In the field of computational linguistics, however, there is a deficit of resources which are licensed and available as open source. This largely stems from the need to financially recoup expenses for development, on licenses mandated by research groups or military funders, and on a lack of awareness of how open source code works by developers. Another consideration is that an open source label does not ensure that the code is worth using, maintained, relevant, or in scope for a given domain.
% General comment: it is of course personal preference, but I don't much like the use of future tense in describing the content of sections of a document that exists. I'd suggest rewording, for example:%- "Below, I go into further depth..."%- "Section 4 defines what open source is and talks about issues..."%etc.%%Same comment applies in later chapters, I am certain.
Below, I go into further depth about the state of low resource languages (LRL) and computational resources in Section~\ref{sec:endlang}, and what different languages need in order to have digital presence in Section~\ref{sec:resources}. In Section~\ref{sec:open-source}, I define what open source is, and talk about issues relevant to open source code for LRLs. I then in Section~\ref{sec:lrl-code} talk about the state of the open source ecosystem for LRLs online, in particular focusing on a database of open source code that I have built with the help of researchers around the world.

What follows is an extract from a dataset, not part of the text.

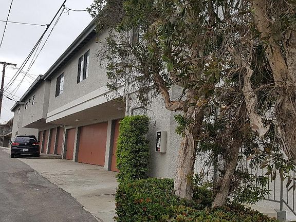 HUGE townhouse style with 2 car garage and outside pad for parking in front of garage; living space on 2nd floor accessed by ground floor entry. Only 1 shared wall; bright with lots of northern and western exposures. Nearly 1100 square feet; large loft style living room area adjacent to open kitchen with breakfast bar makes this feel like a large home. Small patio pad for bar.b.que in front of residence. All living spaces have new designer vinyl plank flooring and modern wood blinds. Kitchen has lots of storage and has been remodeled with new LED can lighting, reglazed tile counter and backsplashes. Includes dishwasher, stove and refrigerator. New stacked washer/dryer in large bathroom. Extra storage cabinets in hall between bedrooms. Master bedroom has northern exposure with master bath and large closet with mirrored wardrobe doors and small office alcove. Second bedroom has mirrored wardrobe doors with lots of closet space and access to private secluded patio deck. Fresh paint, new light switches, outlets, LED lighting. Large 2 car garage includes EXTRA storage shelving! Separate, new water heater serves just this residence. Walk to all area amenities: library, parks, main street, downtown dining, beach. Building newly repainted in warm earth tones to complement the beach location. You will appreciate the value in the premium rent for this residence; unique townhome style apartment living--awesome alternative to Venice and Playa Vista located in Mayberry by the sea! Tenant pays gas, electric. Landlord pays water, trash and gardener.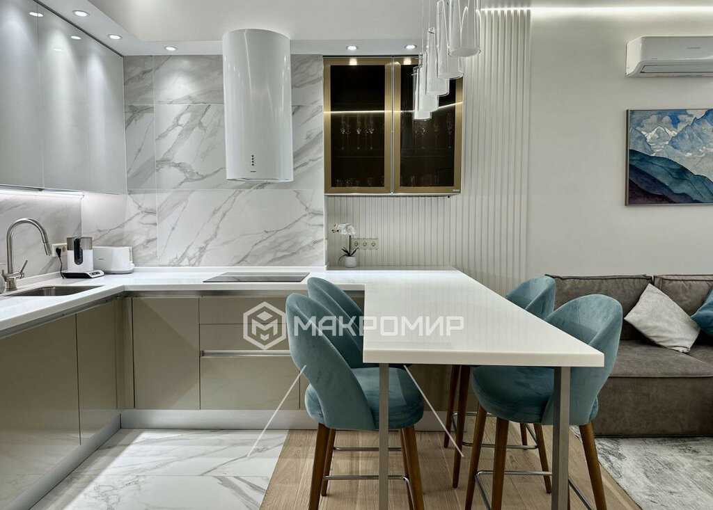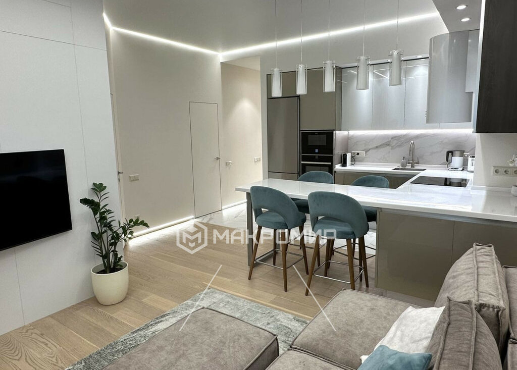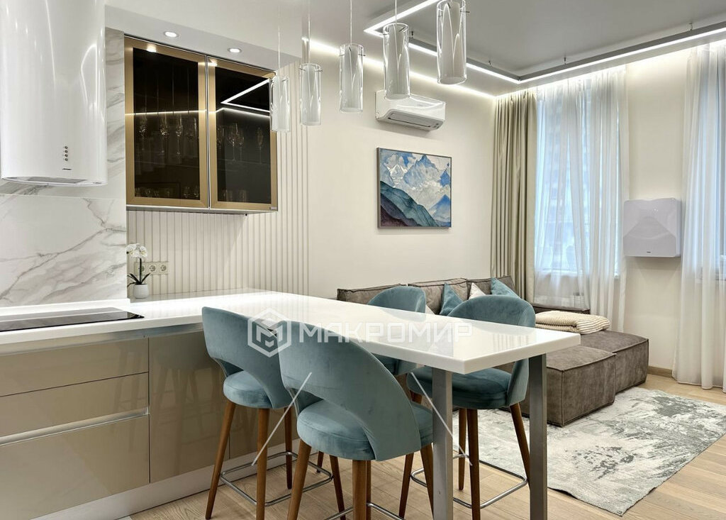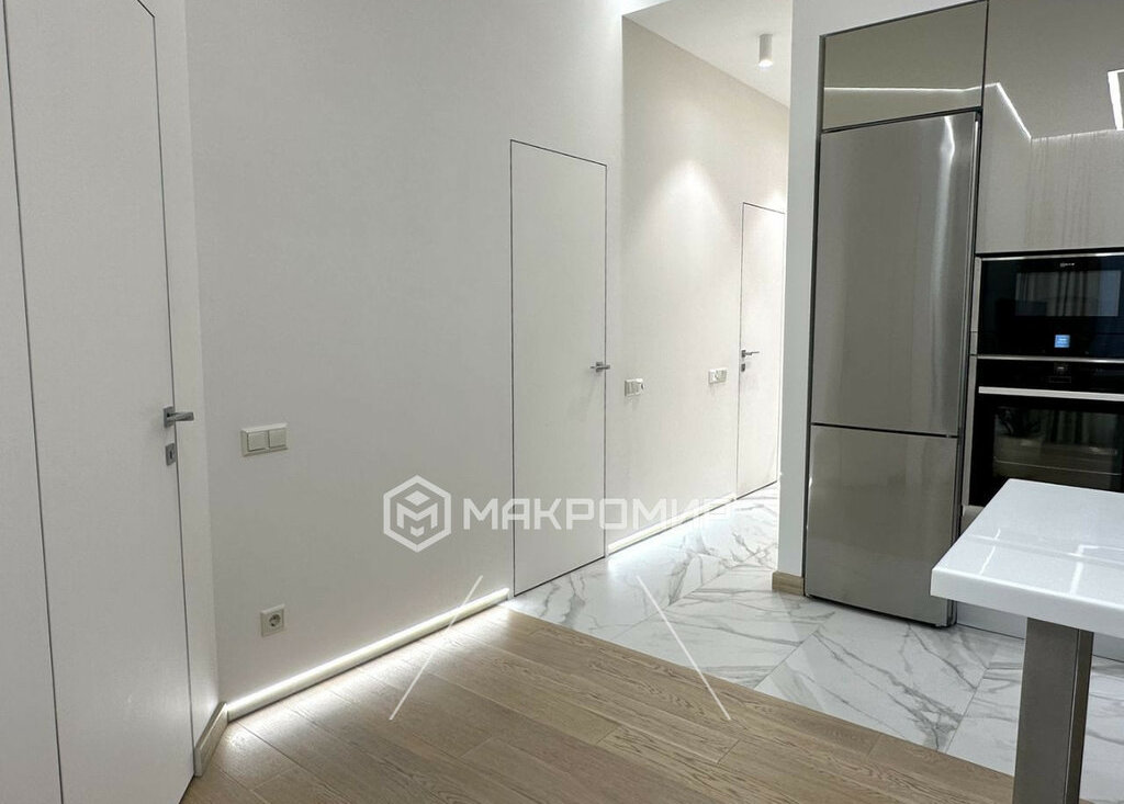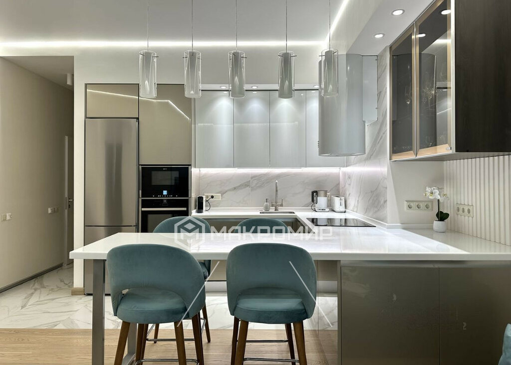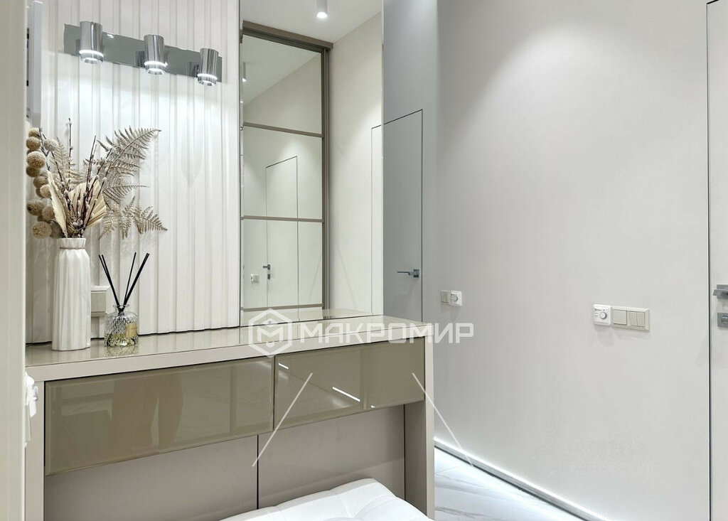 В квартире дизайнерский ремонт. Каждая деталь продумана. Пространство ощущается гармонично и легко.

I touch on some specific examples of languages which could benefit from open source code in Section~\ref{sec:case-studies}, focusing on Gaelic, a language with tens of thousands of speakers but few online resources, and Naskapi, a language with only a thousand speakers. The Naskapi case study is informed by original research, as I engaged in field research at the town where most Naskapi live and talked to linguists working on literacy efforts for this language. In Section~\ref{sec:methods}, I discuss how open source can help low resource languages, and in Section~\ref{sec:discussion} I expound further at a high level on what open source enables for linguists and language communities. Finally, in Section~\ref{sec:future-work} and Section~\ref{sec:conclusion} I discuss future work, and offer some concluding remarks.
%% TODO Talk to profs about the lack of ethics clearance for these conversations (mostly casual)
% Listing accomplishments of this thesis
This thesis is, to my knowledge, the only paper that looks specifically at what open source resources there are for low resource languages. I provide a quantitative assessment of the state of the field, and suggest a new type of crowd-sourced, curated, and decentralised database for language resource aggregation. I also discuss three in-depth case studies; one of what a specific problem in computational linguistics looks like when viewed from an open source perspective (the example problem involves using geographical information systems with language co\"{o}rdinates), and two case studies of the state of open source resources for entire languages: Gaelic and Naskapi. The Naskapi chapter also serves as a follow-up to \citepos{jancewicz2002applied} paper, looking at how the Naskapi community has changed technologically in the past fifteen years. Finally, I suggest a novel way of storing language resources in an open source fashion using the decentralised web.